Attackers can Hack Airplane Landing Instruments, According to Researchers

May 16, 2019 Posted by Technology 0 thoughts on “Attackers can Hack Airplane Landing Instruments, According to Researchers”

Now that wireless devices are so widespread, hackers have the ability to impact almost every sector imaginable. The aviation industry in particular has been on high alert for almost two decades now, looking out for immediate threats. However, according to a paper written by researchers at Northeastern University, the modern threat to planes can come from a spoofed wireless signal; hackers can attack an aircraft’s instrument landing systems with wireless attacks, they warn.

The problem, like the problem with PLCs in the industrial sector, is that these wireless communications are not secured. Crucial instruments like Traffic Alert and Collision Avoidance Systems(TCAS) and Instrument-Landing Systems(ILS) rely on wireless communication that affect the safety of a flight. The paper cites instances where other researchers were able to compromise some of these instruments:

“…researchers [21] injected non-existing aircraft in the sky by merely spoofing ADS-B messages. Some other attacks [36] modified the route of an airplane by jamming and replacing the ADS-B signals of specific victim aircraft. ACARS, the data link communications system between aircraft and ground stations was found to leak a significant amount of private data [49], e.g., passenger information, medical data and sometimes even credit card details were transferred. GPS, one of the essential navigation aids is also vulnerable to signal spoofing attacks [30]. Furthermore, an attacker can spoof TCAS messages [41] creating false resolution advisories and forcing the pilot to initiate avoidance maneuvers.”
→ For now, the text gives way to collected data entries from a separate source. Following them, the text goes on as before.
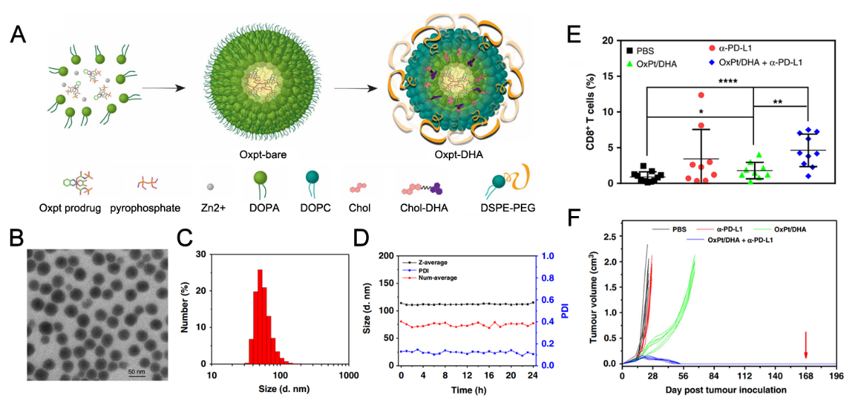 (E) 纳米粒诱导免疫原性细胞死亡联合anti-PD-L1提高CD8+ T细胞比例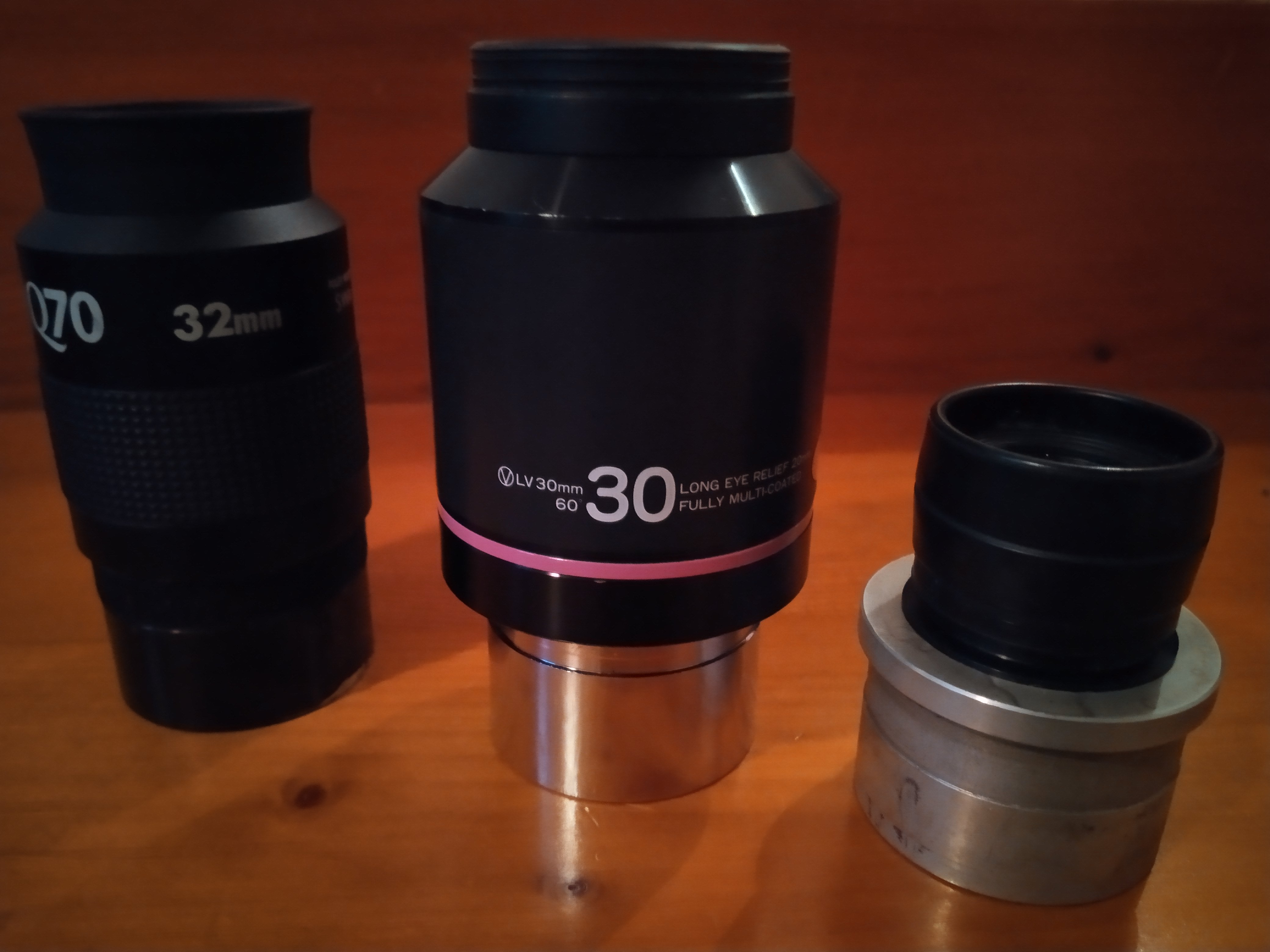 Pe rândul din față sunt Erfle de binoclu cu adaptor de 2" (cel de 1.25" vigneta), plossl de 40mm improvizat, urmează să-i fac montură la strung, un kelner ieftin de 25mm pe care vreau să-l pun la telefon ca obiectiv pentru macrofoto, un alt kelner de binoclu vechi foarte bun pe care l-am adaptat pe 1.25", un orthoscopic excelent provenit de la un instrument optic pentru reglarea dioptriilor la binocluri și ultimul din serie este tot un ortho 8X cu reticol de măsurare pentru microscop, pe barrel 30mm. Mai am un ortho de 18mm pe barrel de 0.965" de care am uitat, încă nu am adaptor la el.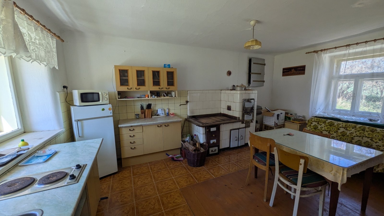 Vytápění je v současné době lokální na tuhá paliva. V kuchyni jsou původní stylová kachlová kamna.

In the case of an ILS, the researchers found that you can spoof radio signals by using commercially available SDRs, which can result in last minute flight abortions and missed landing zones in poor weather. The potential wireless attacks are of two kinds: an overshadow attack and single-tone attack.
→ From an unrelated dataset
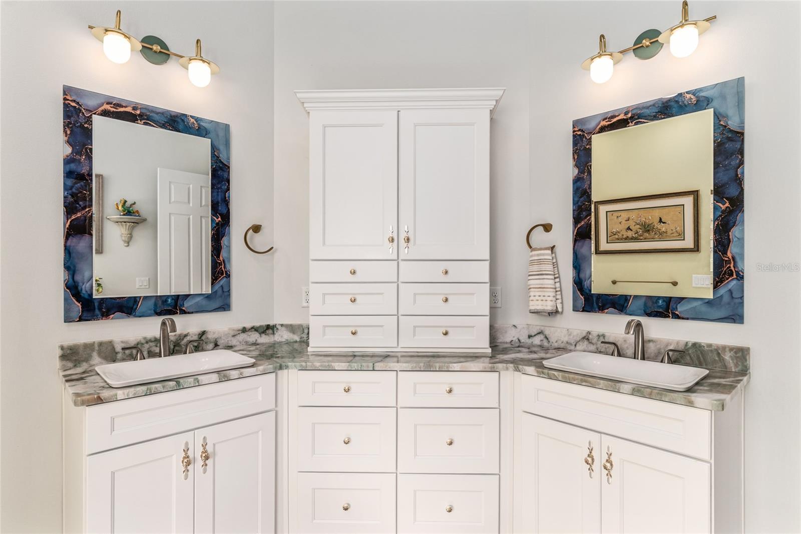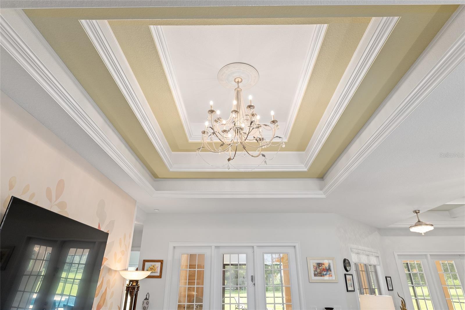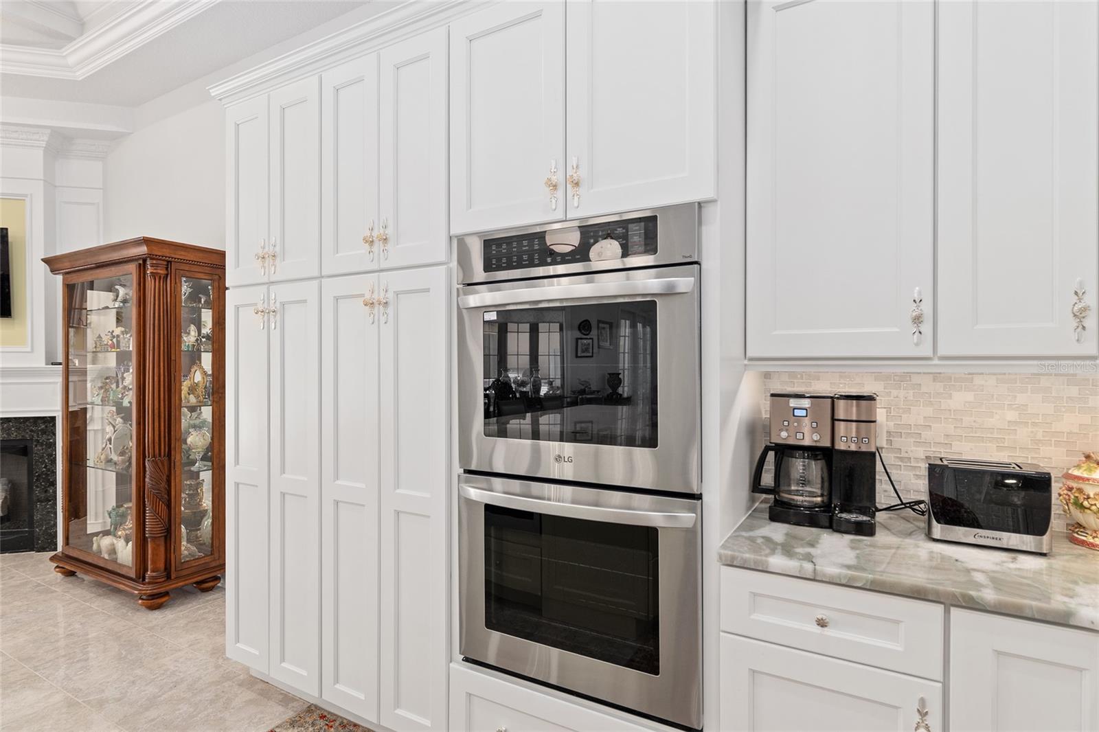 Built-in Features, Ceiling Fans(s), Chair Rail, Crown Molding, Eat-in Kitchen, High Ceilings, Open Floorplan, Primary Bedroom Main Floor, Split Bedroom, Stone Counters, Thermostat, Walk-In Closet(s)

According to the researchers, in an overshadow attack, the attacker “transmits pre-crafted ILS signals of higher signal strength; thus overpowering the legitimate ILS signals.” And in a single tone attack, attackers only need to “transmit a single frequency tone signal at a specific signal strength (lower than the legitimate ILS signal strength) to interfere and control the deflections of the course deviation indicator needle.”

When you dig further into the experiment, you’ll find that when the researchers “hijacked” ILS with an overshadow attack, there was an imperceptible change in the flight instruments, which means pilots would not be able to sense that their instruments have been taken over. In the flight simulations the researchers performed, their planes landed as far as 800 meters beyond the safe landing zone. Here’s a video demonstrating the effects of the overshadow attack:

 

credit: youtube

The single tone attack wasn’t as undetectable as the overshadow attack, but the advantage gained by a single tone attack is in the minimal power required to achieve some sort of result. A worst case scenario for an attacker is a denial of service variation that may force the pilot to abort the landing.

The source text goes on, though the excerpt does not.